RFM Analysis – Customer Segmentation by Loyalty
Customer data can be divided into two categories: demographic (age, income, marital status) and behavioral. As a rule, marketing attempts to predict the customer behavior. The information that the customer has recently purchased several items with a total value of 2000 euros plays a much greater role than demographic information.
Direct marketers typically use RFM analysis to formalize customer value. For this purpose, three indicators are examined.
- Recency - the time dimension of the sale (how much time has passed since the customer's last purchase)
- Frequency - the periodicity of the purchases (the number of purchases in the period)
- Monetary - the total amount of sales (sometimes an average order is used)
Selection of the third indicator
The third indicator (monetary) can also be chosen differently if it corresponds to the main indicators recency and frequency. For an information portal, for example, the time spent on the page can be used as the third indicator.
The indicators frequency and monetary are often related: the more purchases, the higher the total amount. For this reason, in practice there is a simplified version of RFM analysis called RF segmentation. In this case, the monetary indicator is not used. Using this analysis, it is easy to determine which customers you need to actively work with and develop special offers.
The percentage of customers who respond to general promotional offers is usually low. RFM analysis is a simple as well as efficient method that allows you to predict a customer's reaction. In this way, you can improve the interaction with customers. Depending on the RFM segment, different methods can be used to influence customers. The most important indicator is recency, followed by frequency and finally the amount of sales.
Example usage of RFM on a private customer database
A small company selling textbooks sent letters to all its customers suggesting a purchase of the company's products. The cost of mailing was 85 cents per letter, while the profit from each sale was 28 euros. Therefore, to justify the cost of mailing the letters, the company had to receive more than 3% of the responses. For several years, however, the response rate was less than 1.6%, which yielded no profit. RFM analysis was used to divide the entire existing customer database into 125 groups (5x5x5). For each of these groups, the response rate was determined. Later, the company started to conduct mailings only within the groups that had a response rate above 3%, so it could finally make a profit.

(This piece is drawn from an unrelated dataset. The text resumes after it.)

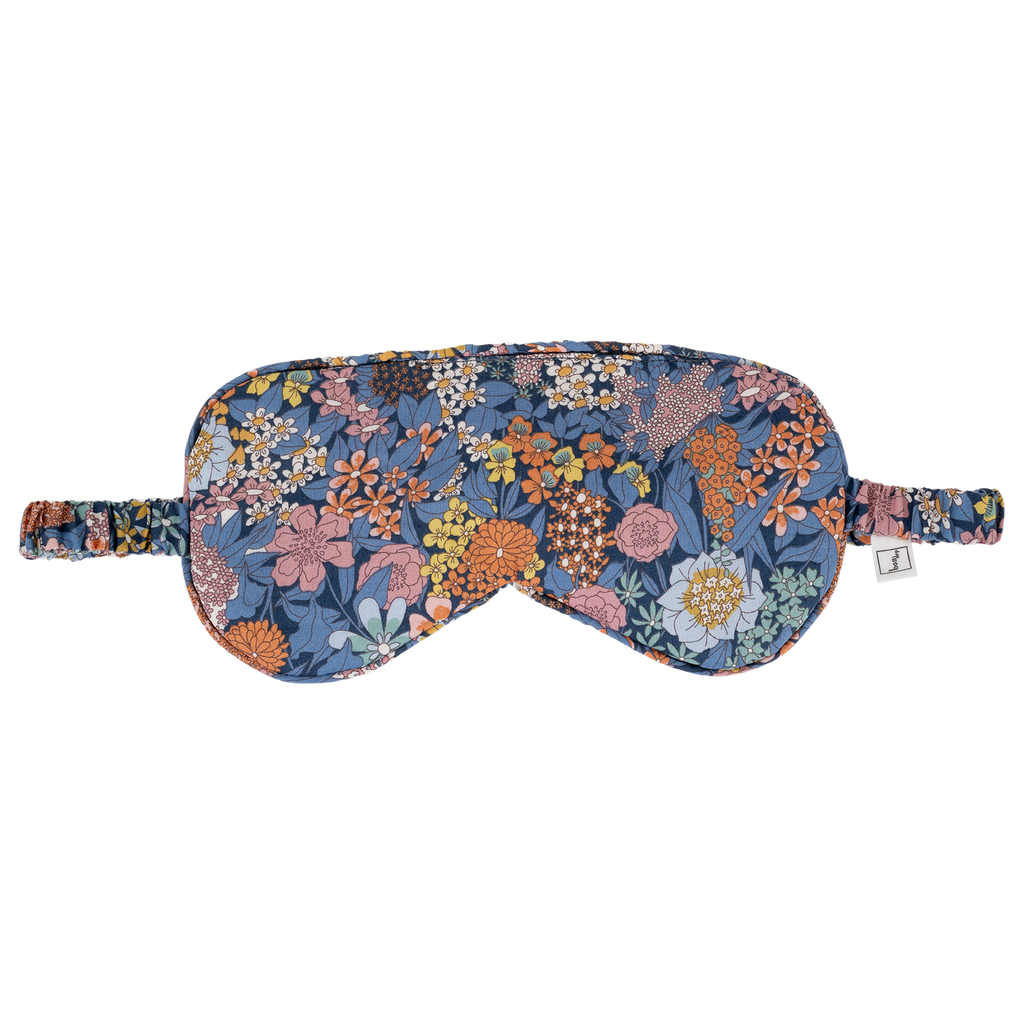 Antifaz en tejido Liberty London en tonos rosas, verdes, ocres, terracota. Está forrado y relleno de lavanda, flor muy relajante. Pertenece a la colección KENIA.

It is important to note that the company will not profit from the continuous use of RFM analysis. It could be used to answer the question of which customer to write to or call. In this case, some customers will not hear from the company at all. Other customers, who are the most active responders, will be tired of the constant attention because they are contacted too often. A contact strategy must be developed as to what type of offer can be made to the less receptive customers. These customers need to know that the company has not forgotten about them.
Example usage of RFM on a corporate customer database
Let's consider the application of RFM analysis to a database of corporate customers. This type of database is, in most cases, much smaller than a database consisting of private customers. So you can reduce the number of groups. For example, in a database of 10000 records, 125 RFM analysis groups contain only 80 records per group. This is not enough to get statistical results. Let's reduce the number of RFM cells to 20 with a reduced number of groups sorted by frequency and amount of sales. For example, 5 by purchase date (recency), 2 by frequency, and 2 by revenue (monetary).
Limitations of RFM analysis
The theory of RFM analysis assumes a very simple mechanism for dividing recency, frequency, and amount of sales by segment. You sort all customers, and divide them into 5 equal groups for each indicator. This method is productive and helps to divide all customers into segments in relation to each other.
However, in practice there is a problem because these indicators change over time.
Business is going well, but suddenly not a single purchase is made for a month. This is bad, but if you divide the database into equal parts, nothing will change. For example, the recency segments will be the same compared to the previous month.
The new company does not yet have sales data for several years. In this case, the limits of recency will be very different every day and it does not make sense to use the result of such RFM analysis.
Seasonal patterns, promotions and holidays also have a strong impact on the quality of the analyzed data. Therefore, you should determine an appropriate time. To determine the time intervals, it is worth answering a number of questions:
- How long is the life cycle of a customer?
- What is the natural buying period?
- What is the seasonal pattern?
- How long does it take for customers to repeat a purchase?
The efficiency of RFM analysis does not mean that it can completely replace the sales manager. Personal communication with the customer allows the employee to understand them well and know a lot about them. The right way is to focus the manager's attention on the most important customers and work with the rest of them through email, messages and social networks. In this case, RFM analysis becomes an excellent tool for customer segmentation.